You've created a valid escalation! To remove the escalation from consideration: Delete your comment. You may delete or edit your escalation comment anytime before the 48-hour escalation window closes. After that, the escalation becomes final. |
@paco0x @CheshireCatNick @lnxrp @vinta Could you take a look at the above comment? IIRC this is a major risk to you guys based on previous discussions. |
After rerun the test with the suggestions given by @nirohgo, I think he's point is valid. When the external price is very close to the liquidation price, user is unable to perform the trade in the test (revert by NotEnoughFreeCollatera). So it's not possible to avoid liquidation without close position if the external price is already very close to the liquidation price. But this issue still give an example of how can a trader improve his margin ratio and increase the free collateral by trading against himself.
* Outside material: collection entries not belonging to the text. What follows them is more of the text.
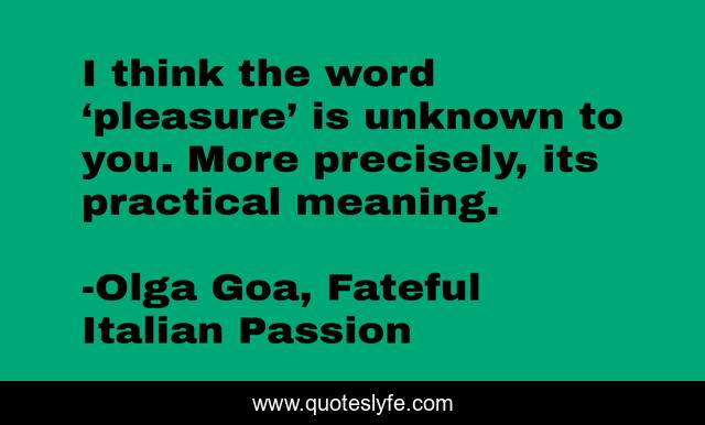 "Olga Goa, Fateful Italian Passion Quotes." Quoteslyfe.com, 2025. Sun. 07 Dec. 2025. <https://www.quoteslyfe.com/quote/I-think-the-word-pleasure-is-unknown-22811>.
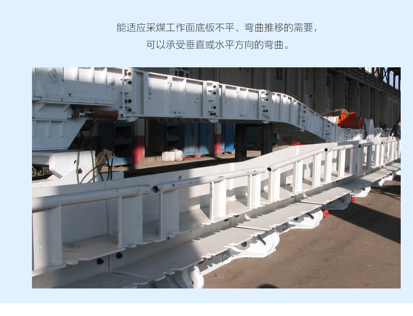 2、能适应采煤工作面底板不平、弯曲推移的需要,可以承受垂直或水平方向的弯曲。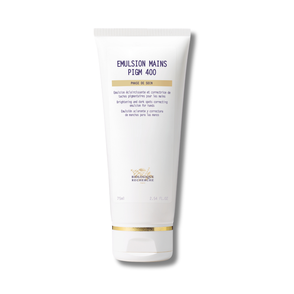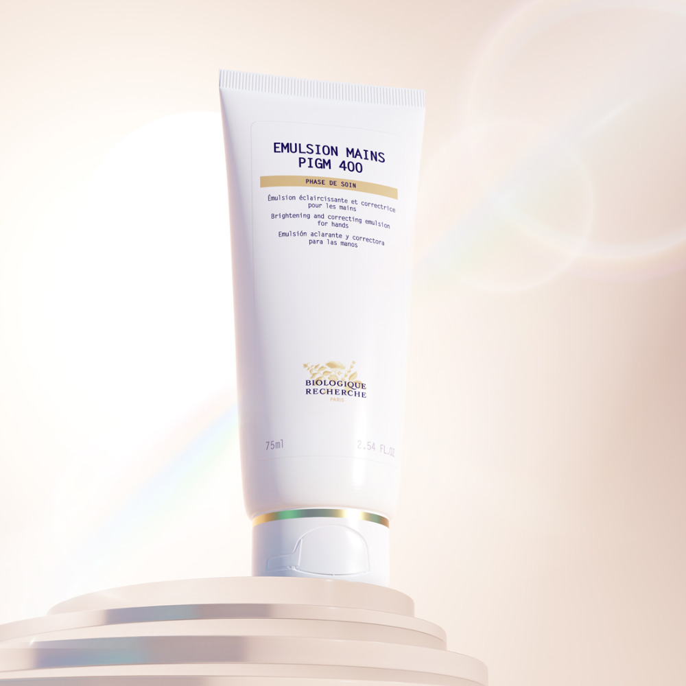 Aplicar Emulsion Mains PIGM 400 de Biologique Recherche en las manos y masajear suavemente hasta su total absorción.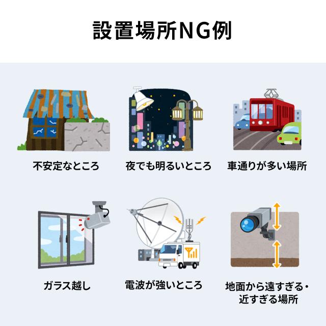 ※設置前にソーラーパネルが直接太陽光に当たる場所においてフル充電してください。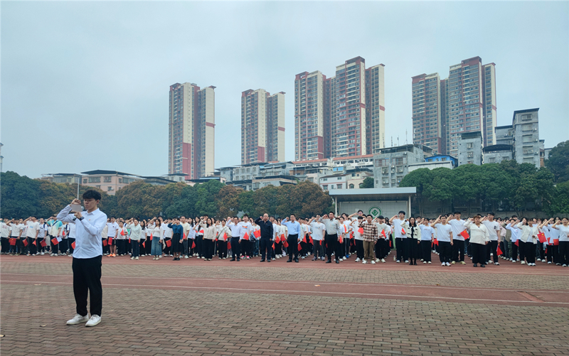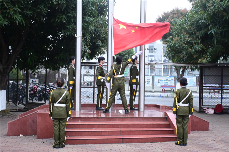 迎着朝阳,伴着晨曦,国旗护卫队昂首挺胸、步履铿锵地将鲜艳的五星红旗护送至升旗台前。伴随着激昂雄壮的国歌声,国旗冉冉升起。全体师生庄严肃立,齐唱国歌,行注目礼。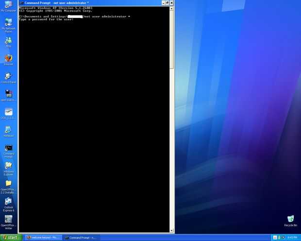 todo lo que tienes que hacerlo abra símbolo del sistema, para ello, haga clic en Inicio, luego ejecutar. En el cuadro, escriba cmd. Esto debería abrir una ventana negra. En esta ventana, escribe administrador de usuario de red *. (sin periodo). puede sustituir la parte de administrador con cualquier nombre de usuario que te gusta. Si usted quiere hacer esto en la escuela, sin embargo, necesita apagar el ordenador y luego volver, y antes de que llegue a la pantalla de login, tienes que mantener presionada la tecla f8. Esto lleva a un menú de arranque (lo sentimos, no hay imágenes), y seleccione Inicio en mod seguro (con el símbolo del sistema). Entonces, usted puede hacer esto. Si todavía no le utilice el comando ejecutar (que en las escuelas generalmente no a menos que usted inicie en modo seguro), usted tendrá que encontrar una manera de abrir cmd, (comando pronto en caso de no has averiguado que todavía). El resto funciona del mismo modo, la mayoría tiene problemas tratando de abrir cmd. Después de que has escrito en una contraseña nueva, puede almacenar registro en cuenta de la persona cuya contraseña ha cambiado. Oh y tratar de no dejar que la persona que posee la captura cuenta niños.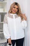 Ця блуза зі вставками з вишивки – ідеальний вибір для тих, хто любить поєднувати елегантність із комфортом. Застібається на гудзики по всій довжині, а на рукавах – манжети з гудзиками для додаткової акуратності та стилю.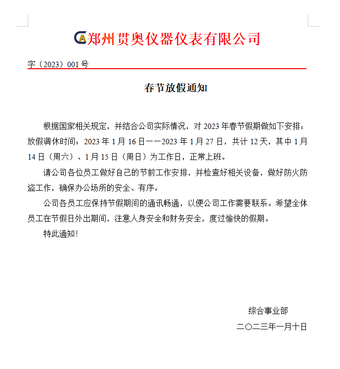 在此,感謝大家在過去一年里對鄭州貫奧儀器儀表有限公司的支持與信任。同時也希望在新的一年里,鄭州貫奧儀器儀表有限公司能繼續得到大家的關注及支持,并且鄭州貫奧儀器儀表有限公司也會一如既往地為大家提供更好的產品和服務!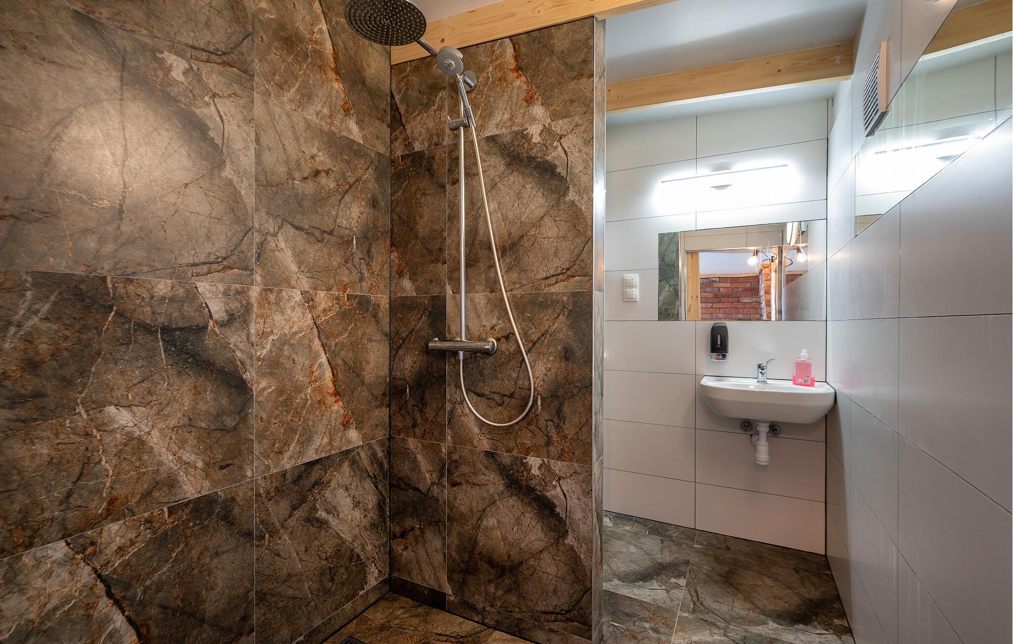 - WC mit warmem und kaltem Wasser, Dusche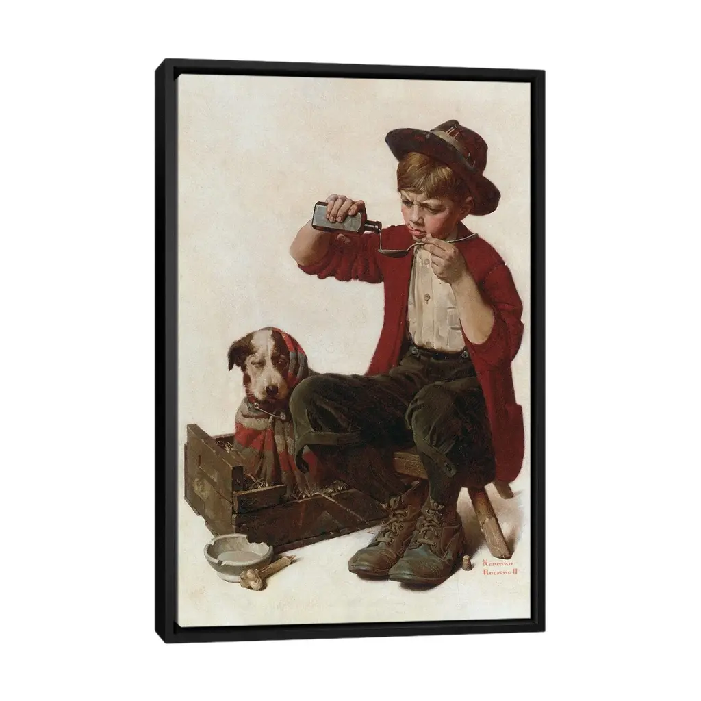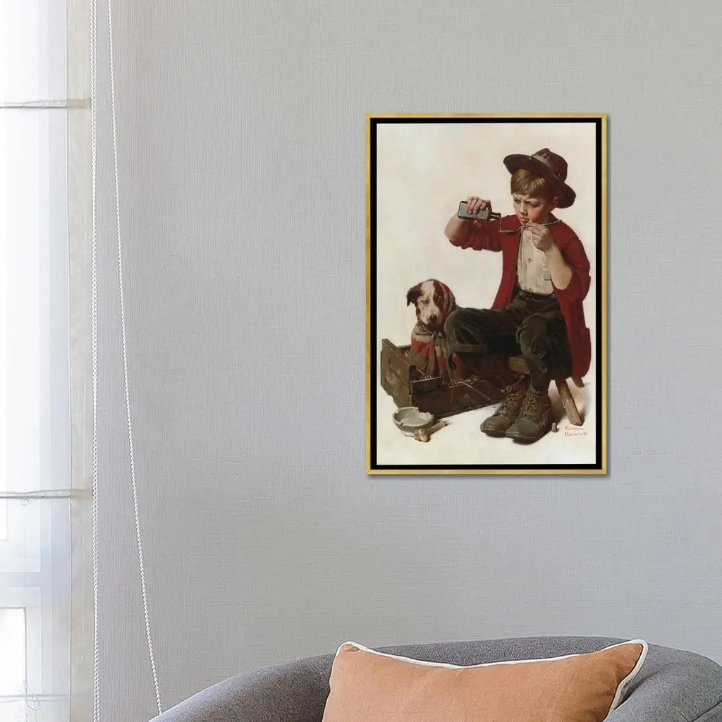 Icanvas "Sick Puppy" By Norman Rockwell Framed - Gold - 26x18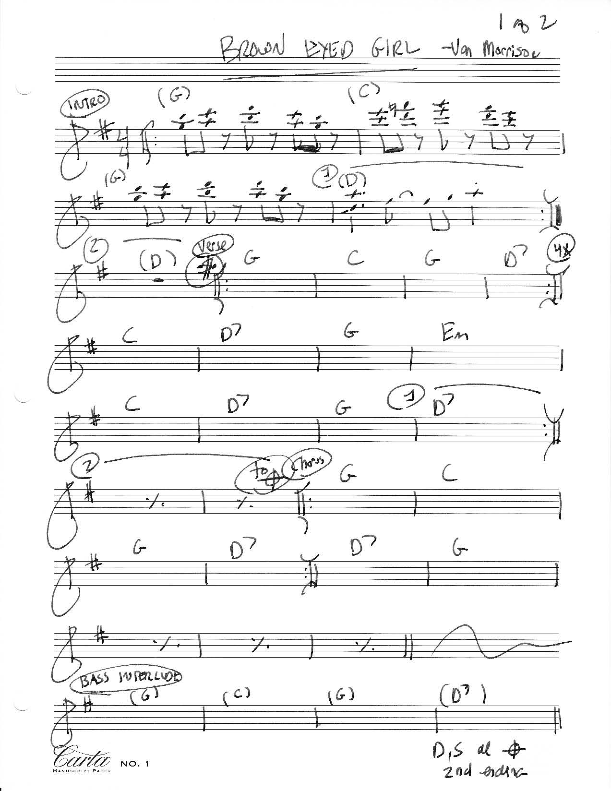 After finding out what chords are required for the song: The Chord Progression ( download the chord lead sheet for Brown Eyed Girl ).

So we still think it's valid and suggest a medium level severity. |
@paco0x // set price -> 193.76e18
@> maker.setBaseToQuotePrice(193.76e18);
@> _mockPythPrice(19376, -2);
// Unable to liquidate
@> assertEq(clearingHouse.isLiquidatable(marketId, attacker, 193.76e18), false);
// set price -> 50e18
@> maker.setBaseToQuotePrice(100e18);
@> _mockPythPrice(100, 0); Even if the price returns to the opening price, the position can be closed without loss. |
Yes, I understand that it can postpone liquidation by increasing the margin ratio, @nirohgo's point is that you can only do this if the external price is much higher than the liquidation price. To sum up: users can intentionally raise or lower the liquidation price, in a direction that is more favorable to them, thereby increasing the risk of the liquidation system, but there is not much room for this liquidation price improvement. We confirm it's a valid issue but not sure about the severity level, better to let the judge decide the final result. |
I believe it should be medium, since the it's a valid issue (as confirmed by the sponsor) but with certain constraints expressed in the discussion above. The escalation suggested low/info severity, hence I'm planning to reject the escalation, but downgrade the severity to medium. |
Please allow me, because this is my first time participating in Sherlock, can I still defend myself now? |
Yes, if you've got any points to defend yourself and keep high severity, please provide any info/arguments. |
Although the amount that can be postponed is limited, if the winning rate is calculated with a probability of 5:5, then this seemingly subtle percentage actually has a huge impact. You must know that in baccarat, the banker's probability of winning is 45.8%, which is slightly higher than the player's 44.6% probability of winning. The probability of a draw is only 9.6%. This subtle advantage is the key to victory or defeat. 🫡 |
In my opinion, when there is a vulnerability, it depends on how to use it. In fact, you don't have to wait until the price is about to reach the threshold of liquidation before starting to trade with yourself. Anyone can immediately trade with themselves after opening a position to improve the utilization of margin. function test_canLiqudated() public{
vm.startPrank(taker);
_mockPythPrice(150, 0);
// taker long ether with 1500 usd
clearingHouse.openPosition(
IClearingHouse.OpenPositionParams({
marketId: marketId,
maker: address(maker),
isBaseToQuote: false,
isExactInput: true,
amount: 1500 ether,
oppositeAmountBound: 10 ether,
deadline: block.timestamp,
makerData: makerData
})
);
uint price = 109 * 1e18; //The price that make users to be liquidated
_mockPythPrice(109, 0);
console.log("---------------- test_canLiqudated ------------------- ");
console.log("isLiquidatable", clearingHouse.isLiquidatable(marketId, taker, price));
vm.stopPrank();
}
function test_canNotLiqudated() public{
vm.startPrank(taker);
_mockPythPrice(150, 0);
// taker long ether with 1500 usd
clearingHouse.openPosition(
IClearingHouse.OpenPositionParams({
marketId: marketId,
maker: address(maker),
isBaseToQuote: false,
isExactInput: true,
amount: 1500 ether,
oppositeAmountBound: 10 ether,
deadline: block.timestamp,
makerData: makerData
})
);
// please note anyone can do. NO constraints here.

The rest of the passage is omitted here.